We did not find any region at the whole-brain level reliably exhibiting relational category coding, i.e., greater correlation when viewing objects that cued sequences with similar statistics (the same effect and cause events), relative to objects with different statistics. We also failed to find effects in an ROI centered on coordinates reported in Frankland & Greene (2015), M = 0.004, t(35) = 1.07, p = .147. This may be due to lack of power, or to the specificity of these prior effects to language stimuli or their extraction from syntax.
Lastly, we searched for regions that contained information about the perceptual qualities of the stimuli—those which showed correlated activity between similar events across objects (e.g., light flash in Objects A and light flash in Objects B, C and D) relative to visually dissimilar events across objects (light flash in the context of Object A and movement of Objects B, C, and D). We found such effects across occipito-temporal cortex, spanning medial and lateral IT (Figure 4B). Lateral areas of IT are known to be particularly sensitive to dynamic events, with MTG showing selective responses to inanimate motion (Beauchamp et al. 2002). These previously reported coordinates (−46, −70, −4, Talairach space) are very near the peak of our perceptual coding effects in lateral temporal cortex (47, −71, 3). Notably, although both perceptual coding and associative coding engaged parts of right MTG, these areas seemed non-overlapping.
Posterior to Anterior Functional Divisions in MTG
To further validate this spatial divergence statistically, we performed a vector of ROIs analysis in individual participants (Konkle and Caramazza 2013). We defined a series of partially overlapping ROIs along the posterior-anterior axis of right MTG in order to directly test that the spatial relationship between associative and perceptual coding is statistically reliable, and assess the relationship between these model fits to those of the relational category model.
Figure 5A shows these ROIs, and the fit of each model (associative, perceptual, and relational category, in terms of correlation difference) in each ROI, arranged from posterior to anterior. This reveals that perceptual coding declines, while associative and relational category coding increases, along this axis. This is statistically reliable: the location of the peak ROI for the associative model (M = 19.81, SE = 1.53, CI [16.7386, 22.8725]) is reliably anterior to the peak of the perceptual model (M = 12.44, SE = 1.69, CI [9.0586, 15.8303]) when compared in individual subjects (t(35) = −3.51, p = 0.001, d = −0.76). Fitting linear slopes to individual data along the ROIs confirms that associative coding exhibits an overall positive slope (M = 0.001, SE = 0.0005, CI [0.0000, 0.0021], t(35) = 2.06, p = .047) while perceptual coding exhibits a negative slope (M = −0.001, SE = 0.0003, CI [-0.0017, −0.0005], t(35) = −3.85, p < .001) and that these are significantly different from each other (t(35) = 3.75, p < .001, d = 0.87). These analyses confirm that a divergence between perceptual and associative coding along MTG holds reliably when comparing their locations in individual participants (something which is not guaranteed by the results of the searchlights).

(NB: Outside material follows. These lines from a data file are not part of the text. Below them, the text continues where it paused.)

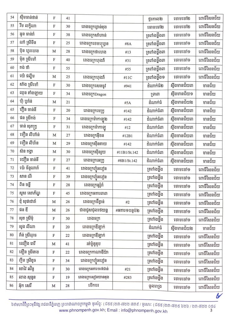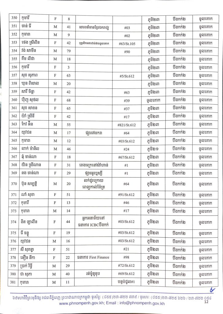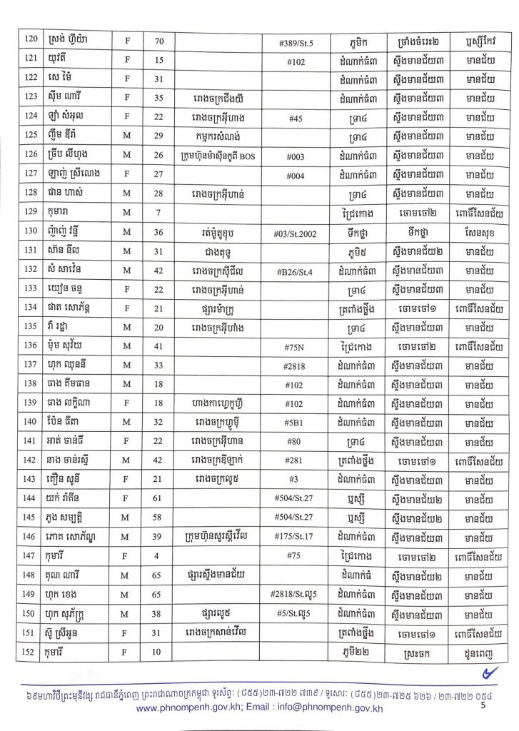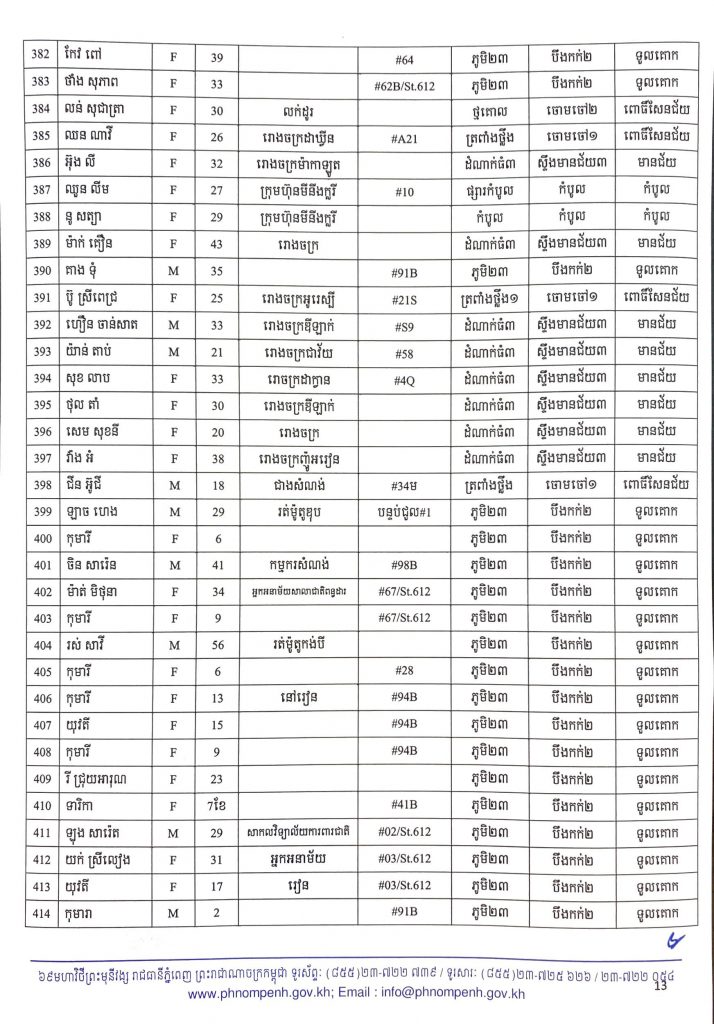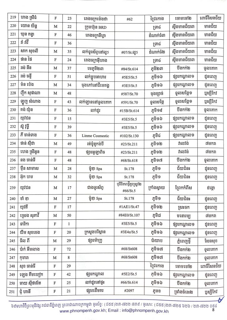 នៅថ្ងៃទី០១ ខែឧសភា ឆ្នាំ២០២១ នៅរាជធានីភ្នំពេញ រកឃើញករណីវិជ្ជមានកូវីដ-១៩ ចំនួន ៤៥៤នាក់ទៀត ដែលជាករណីឆ្លងក្នុងសហគមន៍ រដ្ឋបាលរាជធានីភ្នំពេញ សូមអំពាវនាវដល់បងប្អូនប្រជាពលរដ្ឋដែលធ្លាប់ប្រាស្រ័យទាក់ទងជាមួយអ្នកជំងឺកូវីដ-១៩ ទាំងអស់ខាងក្រោម ត្រូវរាយការណ៍ជូនអាជ្ញាធរមូលដ្ឋានជាបន្ទាន់ និងរួសរាន់ទៅយកសំណាកនៅតាមទីតាំងដែលបានកំណត់។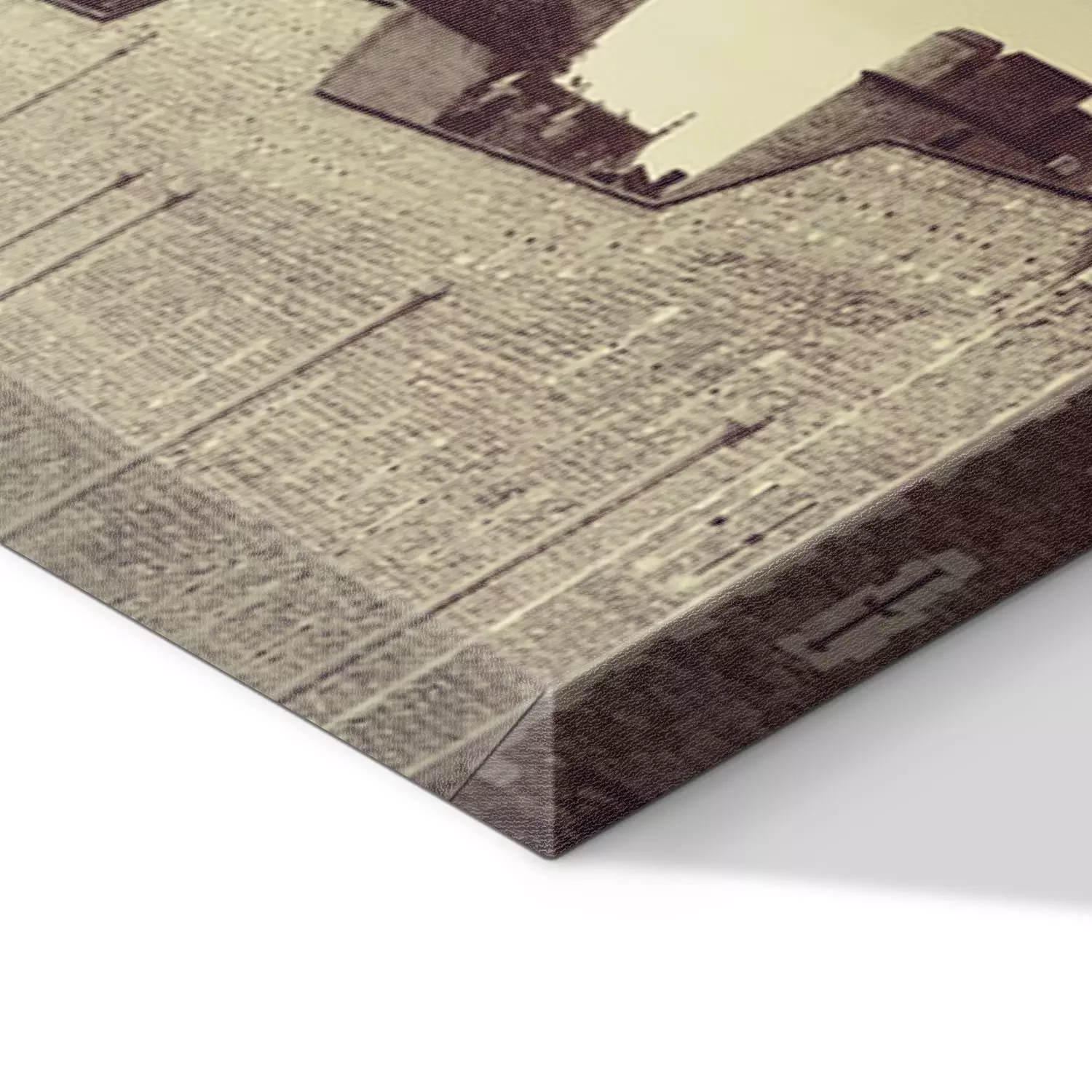 De print wordt aangebracht op hoogwaardig canvas dat op een schildersweefgetouw (spieraam) wordt gespannen. Omdat de print de zijranden bedekt, hoeft het ontwerp niet met een extra kader te worden omlijst. Wij raden ook composities aan die uit meerdere foto's bestaan en zo een coherente compositie vormen.
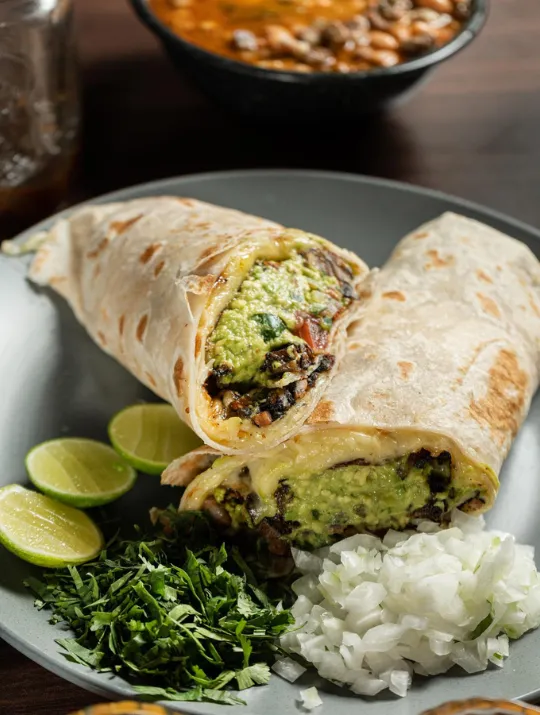 Tortilla de harina de 15" con queso, trompo negro, trompo rojo y guacamole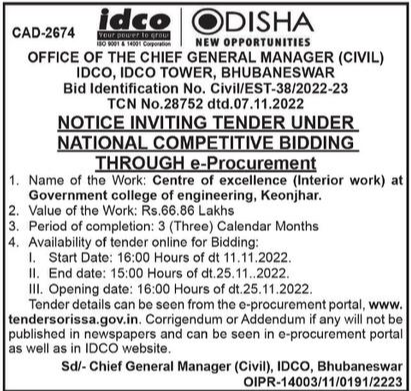 Tender for Centre of excellence (Interior work) at Government college of engineering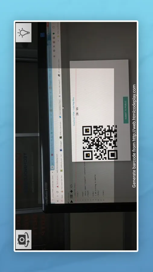 d) Finally, open this application and press the "GET" button from the app editor screen, it immediately opens the camera for reading a barcode, when you scan it you will get your code immediately from PC.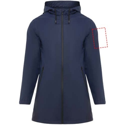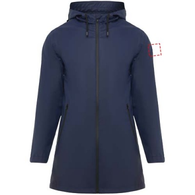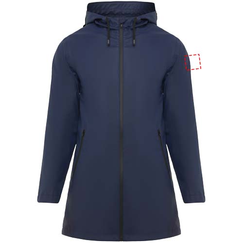 Vedenpitävä naisten sadetakki. Lipallinen huppu. Lämpösaumatut vetoketjut ja saumat. Mustat kontrastiväriset yksityiskohdat. Kaksi sivutaskua vetoketjuilla. Takaosan helmassa halkio. Irrotettava tuoetemerkki. Vedenpitävä. Kuvan malli on 179 cm pitkä ja hänellä on päällään koko S.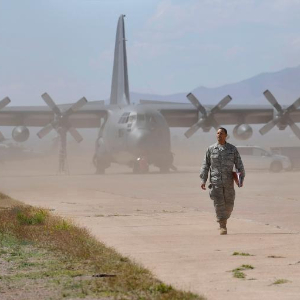 2010年4月21日,在美国亚利桑那州图森以南一处机场举行的2010“雷天使”军事搜救演习中,一名搜救人员走在C-130运输机前。新华社记者张军摄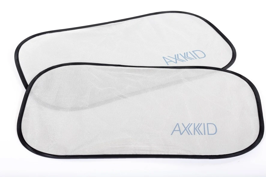 Pour protéger du soleil et de la chaleur, les pares-soleil électrostatiques d’Axkid s’installent sur les fenêtres de la voiture. Ils sont auto-adhésifs et se plient facilement pour être rangés.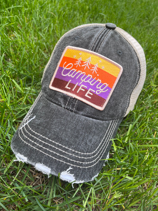 Im a happy CAMPER Embroidered distressed trucker cap Camping life Assorted styles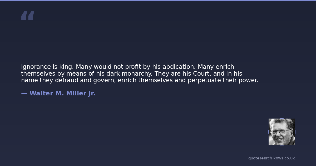 Ignorance is king. Many would not profit by his abdication. Many enrich themselves by means of his dark monarchy. They are his Court, and in his name they defraud and govern, enrich themselves and perpetuate their power.

We additionally explored how associative and perceptual coding relate to relational category coding across these ROIs. It is visible in Figure 5A that the fit of the relational category model along right MTG (red line) emerges in tandem (i.e., spatially co-varying) with the associative model fit (green line), while the perceptual model fit (blue line) diverges from both. This is statistically evident in a peak location analysis: the location of individual participants’ relational category model peak (M = 19.81, SE = 2.05, CI [15.6966, 23.9145]) is on average the same as the location of their associative model peak (p = 1), but is anteriorly shifted from the perceptual model peak (t(35) = −3.13, p = 0.004, d = −0.65). The slope of the relational category model fit is a positive but not significantly different from 0 (M = 0.0009, SE = 0.0006, CI [-0.0003, 0.0020], t(35) = 1.54, p = .134), but it is significantly more positive than that of the perceptual model (t(35) = −3.50, p = .001). We further assessed this relationship by computing the correlation between the three models in terms of their fit (averaged across participants) along the 39 ROIs; these correlations are shown in Figure 5B. The correlation between perceptual model fit and associative model fit was strongly negative, r(37) = −0.54, p < .001, while the correlation between relational category model fit and associative model fit was strongly positive, r(37) = 0.74, p < .001, with a significant difference between them, M = −1.29. z(37) = −6.36, p < .001. We performed a complementary test within individual participants, by taking each individual’s vector of model fits across the 39 ROIs, computing the correlation among models, and testing these individual, fisher-corrected correlation values against 0 at the group level. Here we found a negative but non-significant correlation between associative and perceptual model fits, M = - 0.009, SE = 0.0580, t(35) < 1, but a significant positive correlation between associative and relational category model fits, M = 0.095, SE = 0.0459, CI [0.0027, 0.1864], t(35) = 2.09, p = 0.044, d = 0.35, though the difference between these two correlations was not significant, t(35) = 1.50, p = .144.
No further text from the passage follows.